The cops are out of control in this country. They harass innocent people for no reason at all way too often, and yes there are a lot of good ones and a lot of good done by cops. I wish the old man would of laid that cop out and taught him about respect.


----------



## chumy (Jul 13, 2012)

poppadawg said:


> If you are a 20 something year old cop and you have to break out the tazer on a 76 year old man, police work might not be for you.


The cop thought about a chokehold maneuver but didn't want to be in the national spotlight. I cant breathe!!!!!!!!!!!!


----------



## teeroy (Oct 1, 2009)

On The Hook said:


> Your assuming that he was being arrested, you don't know. Your doing exactly what you accuse the media of doing...
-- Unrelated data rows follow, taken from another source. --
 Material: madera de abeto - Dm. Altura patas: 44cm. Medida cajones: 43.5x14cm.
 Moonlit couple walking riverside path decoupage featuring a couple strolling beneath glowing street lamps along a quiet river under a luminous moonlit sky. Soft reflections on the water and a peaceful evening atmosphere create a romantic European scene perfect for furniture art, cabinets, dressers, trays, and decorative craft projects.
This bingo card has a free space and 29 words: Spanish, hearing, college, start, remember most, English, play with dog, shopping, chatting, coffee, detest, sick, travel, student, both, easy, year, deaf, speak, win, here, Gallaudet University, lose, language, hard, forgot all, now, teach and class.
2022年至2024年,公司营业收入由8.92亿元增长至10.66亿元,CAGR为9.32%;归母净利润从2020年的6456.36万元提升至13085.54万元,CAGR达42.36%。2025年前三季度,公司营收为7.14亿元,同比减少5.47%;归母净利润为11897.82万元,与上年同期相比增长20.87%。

It's "you're" as in "you are"

Just so we're clear, you think the officer just wanted to beat up and assault an old man with his video running and the public watching?



saltwaterjunky said:


> Watched it first time,then again made me even madder,cop had no reason [old man Hispanic]middle of the day,nothing frightening about him.
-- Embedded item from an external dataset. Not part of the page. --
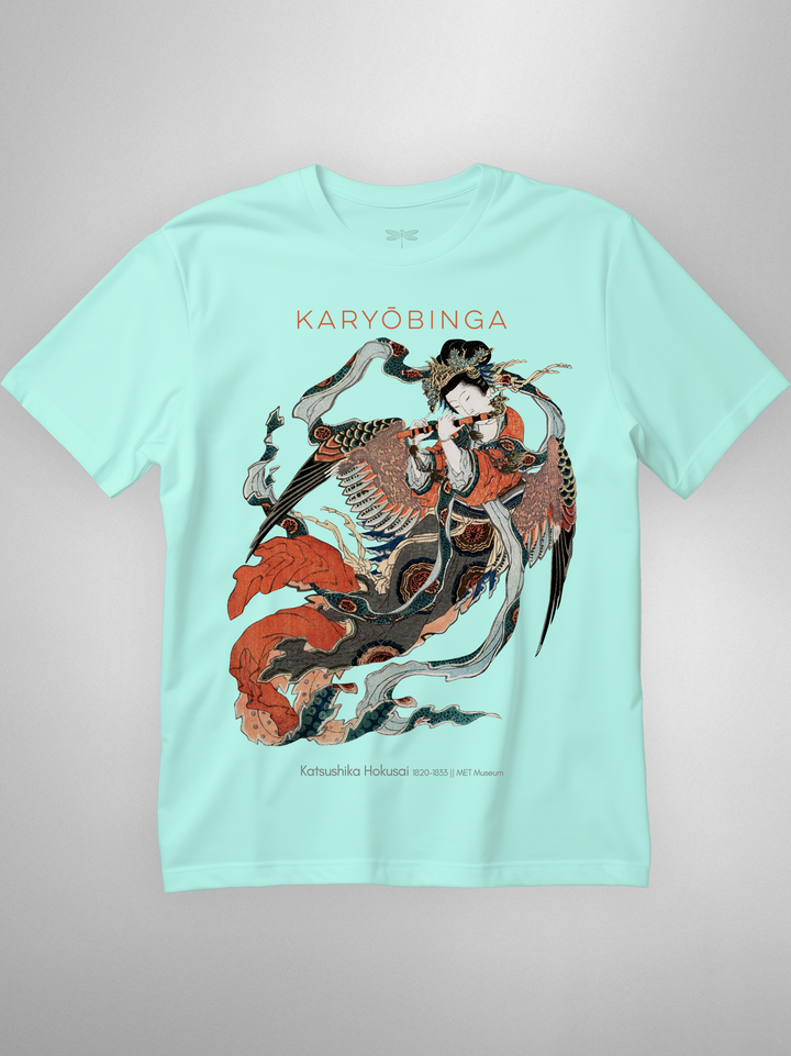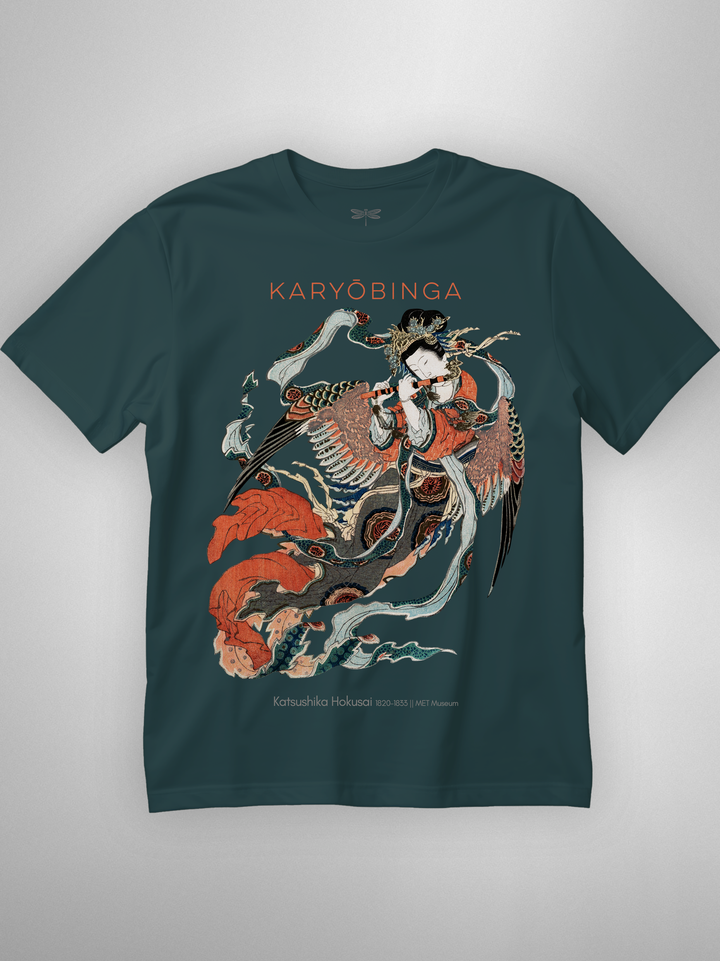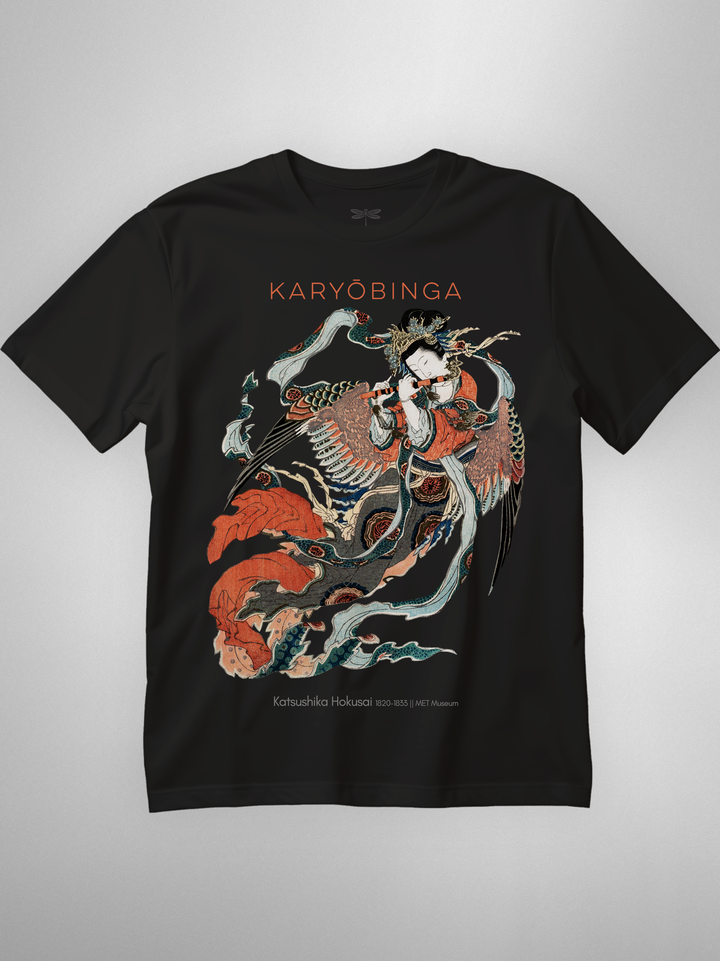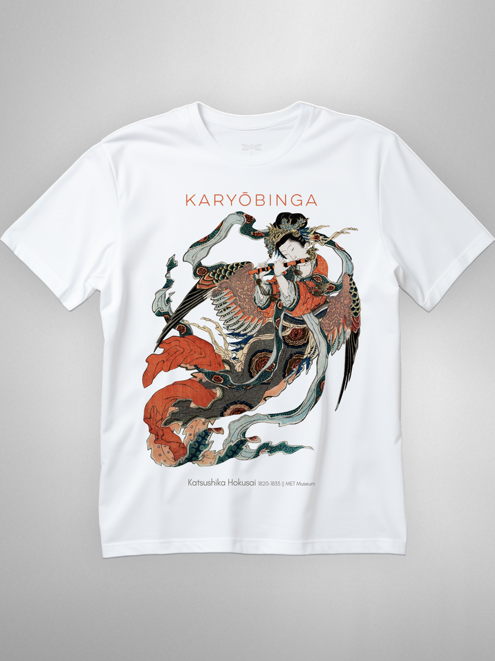 Ukiyo-e print of Karyōbinga (迦陵頻伽) by Hokusai, c. 1820–33. A celestial songbird from Buddhist lore—half bird, half human—revered for music “one never tires of hearing.” Rich surimono detailing (flowing robes, feathered wings, flute) gives the piece its ethereal motion and grace. (Karyōbinga = kalavinka, the heavenly musician.)

Just so I'm clear; If you're older and out during the day time, you're not dangerous, correct? At what time do people become dangerous? At what age are you not dangerous? Help me out here.



gettinspooled said:


> Are you certain that the police officer ever informed the old man that he was under arrest or that the cop was actually attempting to make an arrest? Apparently the old man was never arrested in this whole process so there was no arrest actually made. Looks like on the video after failing to grab the paper from the old man and then lost his temper.


No I think he just wanted to beat someone up. :headknock

It would be very odd arresting someone without saying anything.



Spirit said:


> Because the old man was at his place of employment, driving a company owned vehicle with the owner of the car standing there. He was at the dealership the tags would match to.
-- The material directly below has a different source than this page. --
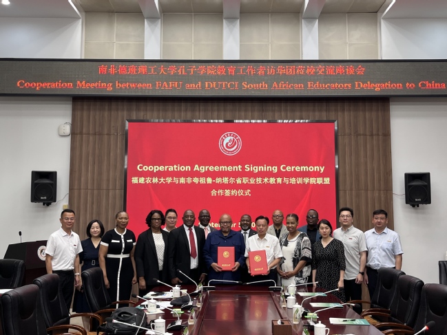 对外合作处、社会服务处、机电工程学院、菌草与生态学院、乡村振兴学院、南非德班理工大学孔子学院负责人参加。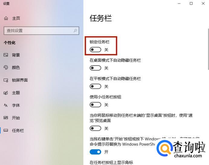 首先把“锁定任务栏”的开关关闭。

Could he have sat in the vehicle and explained that?

This is getting comical.....

No one knows what was said, but everyone knows exactly what happened. Again, I'm not making excuses for the officer. Based on what limited information is available, I don't think he was near patient enough.


----------



## jesco (Jun 23, 2013)

monkeyman1 said:


> The old guy was tasered because the LEO wasn't able to control the situation, ensuring his safety, until he was able to assess the situation. Why is it so outrageous that the cop gained control of the situation before debating finer points of the penal code?


 The fact that the police "lost control" of the situation is testament in it'self that he is a terrible LEO. I have to deal daily with violent students in a hell hole called a school. I have never had to resort to physical force, yet I deal with hardened feral thugs daily. If one guy can restore order in a cafeteria brawl without violence, I expect a cop to be able to talk to a little old man without slamming him down and tasering him to "control the situation".


----------



## monkeyman1 (Dec 30, 2007)

Schools are primarily a gun-free zone. It might make a diff if you thought you could get shot.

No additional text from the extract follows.